From the manager’s perspective, the situation seemed straightforward. The contract appeared to allow termination, the employee was only six weeks in, and the manager felt there was already a clear pattern of problems.

But HR insisted on additional process before termination, including investigation meetings and a written warning.

The manager’s question was essentially:
“What am I missing?”

And honestly? This is one of those situations where both sides are probably seeing something real.

At-Will Employment Does Not Mean “No Risk”

One of the most common misunderstandings in employment conversations is the idea that “at-will” means employers never need to think carefully about process or documentation.

“At-will” means an employer can terminate employment absent a contract saying otherwise. It does not mean every termination is low-risk, every termination is wise, or that documentation and process suddenly stop mattering.

That distinction is important.

Because organizations are rarely thinking only about whether they technically can terminate someone. They are also thinking about consistency, precedent, documentation, labor relations, discrimination concerns, retaliation allegations, and how decisions may be interpreted later if challenged.

That is often the space HR is operating in.

And that broader lens can feel incredibly frustrating to managers who are dealing with immediate operational problems in front of them.

Union Contracts Are About More Than One Sentence

The manager focused heavily on this line in the union contract:

introductory employees may be terminated without cause, without notice and cannot file grievances

And to be fair, that language does matter.

But union environments rarely operate solely on one isolated sentence in a contract. They also operate through past practice, consistency across departments, labor-management relationships, and how policies have historically been enforced over time.

Even if an employee cannot personally file a grievance, organizations may still think carefully about whether the union itself could challenge something procedurally, whether standards are being applied consistently, and how similar situations have been handled before.

Because once a process becomes normalized in one situation, it often becomes harder to explain why it was not followed in another.

That is part of why precedent matters so much in HR and labor relations work.

“Show Me the Law” Is Not Always the Point

One of the most interesting parts of this case study was the manager repeatedly asking HR to produce the law or case requiring a written warning before termination.

And there may not be a law requiring one.

But that does not necessarily mean HR’s position is irrational.

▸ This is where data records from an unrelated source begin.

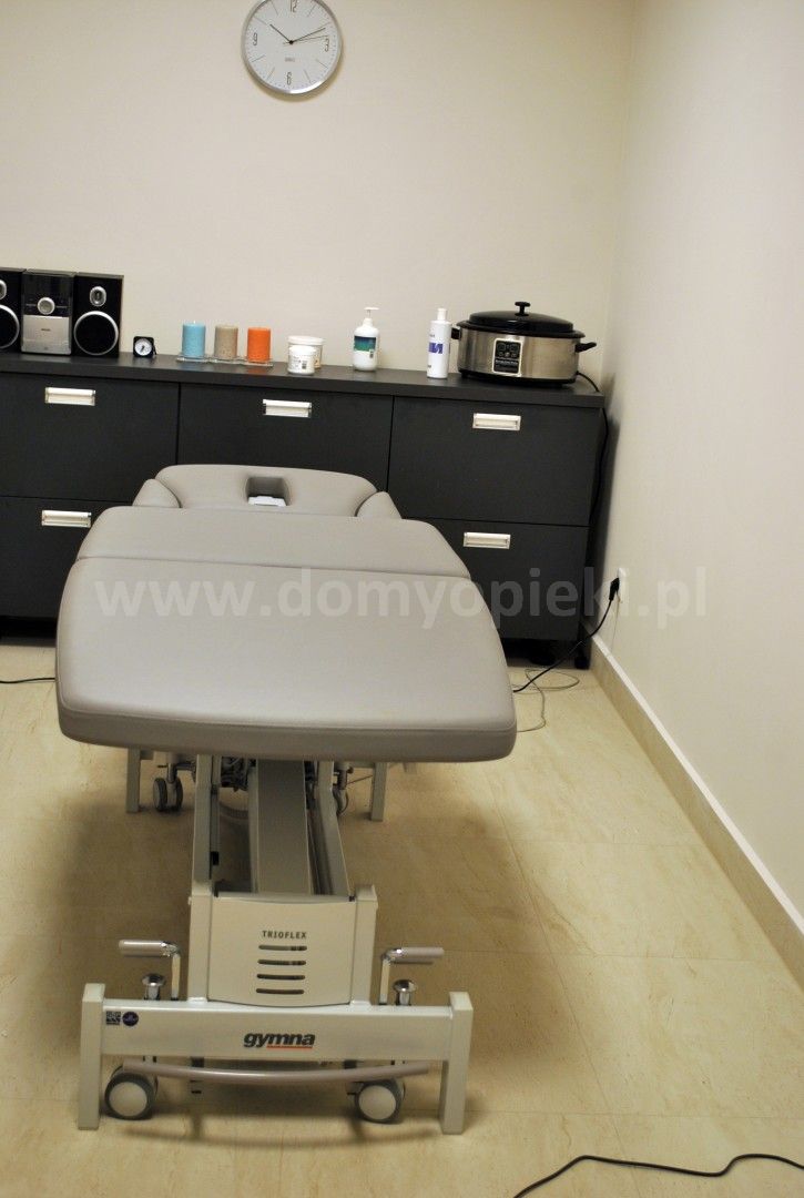 Dom przywiązuje ogromną wagę do szeroko rozwiniętej rehabilitacji. W ofercie nie brakuje kąpieli leczniczych, kinezyterapii, masaży, fizykoterapii, termoterapii i innych.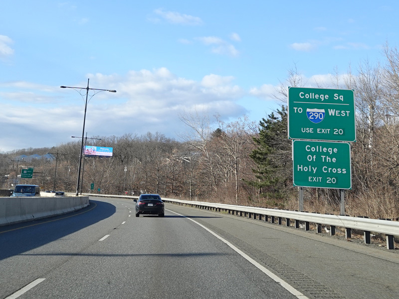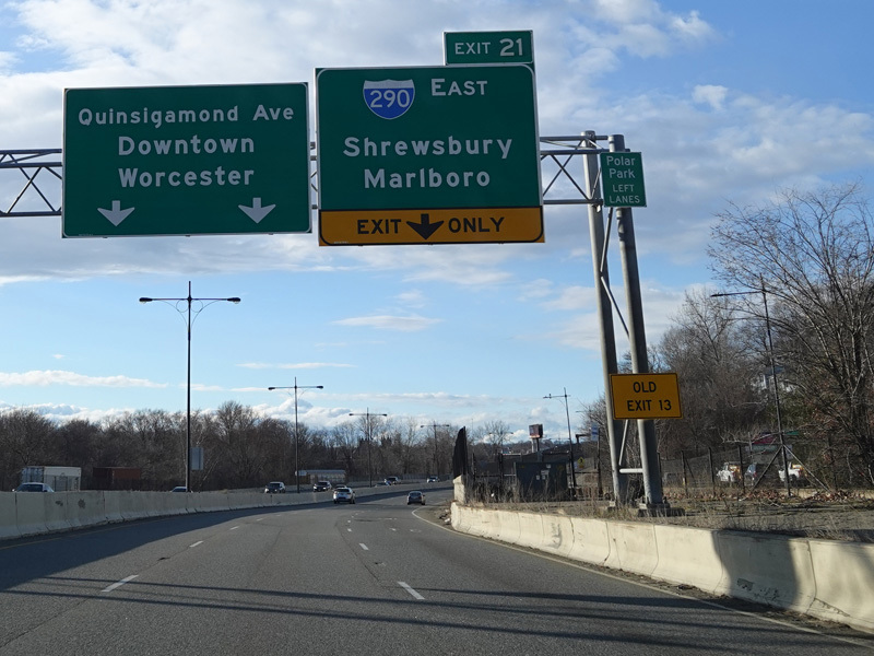 Exit 21 is for I-290 east. It is the last exit. The Worcester Providence Turnpike ends just ahead, becoming Quinsigamond Avenue.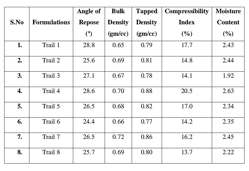 Preformulation Characteristics of blend of all formulations.

A lot of HR decision-making is shaped less by:

“We are legally required to do this.”

…and more by:

“This creates a more defensible and consistent process if something is challenged later.”

Sometimes that guidance comes from prior organizational experiences. Sometimes it comes from outside counsel, insurers, arbitration outcomes, or internal precedent. Sometimes it is simply organizational philosophy around risk management.

That distinction matters because many workplace decisions are not driven purely by legal minimums.

They are driven by attempts to reduce future organizational risk.

The Real Tension Here

What makes this case study interesting is that it is not really about whether the manager is wrong or whether HR is wrong.

It is about the tension between operational frustration and organizational risk management.

The manager is looking at a six-week employee with repeated concerns and asking:

“Why are we making this harder than it needs to be?”

HR may be looking at the exact same situation and asking:

“What precedent are we setting if we skip process here?”

Both perspectives are understandable.

And honestly, this is one of the clearest examples of why employment systems become more complicated than people expect from the outside.

Organizations are rarely making decisions based only on what they can do in a single moment. They are also thinking about what happens next time, how future cases may be compared to this one, and whether the organization can defend its process consistently when the facts are less clear-cut.

That is often where the real conflict lives.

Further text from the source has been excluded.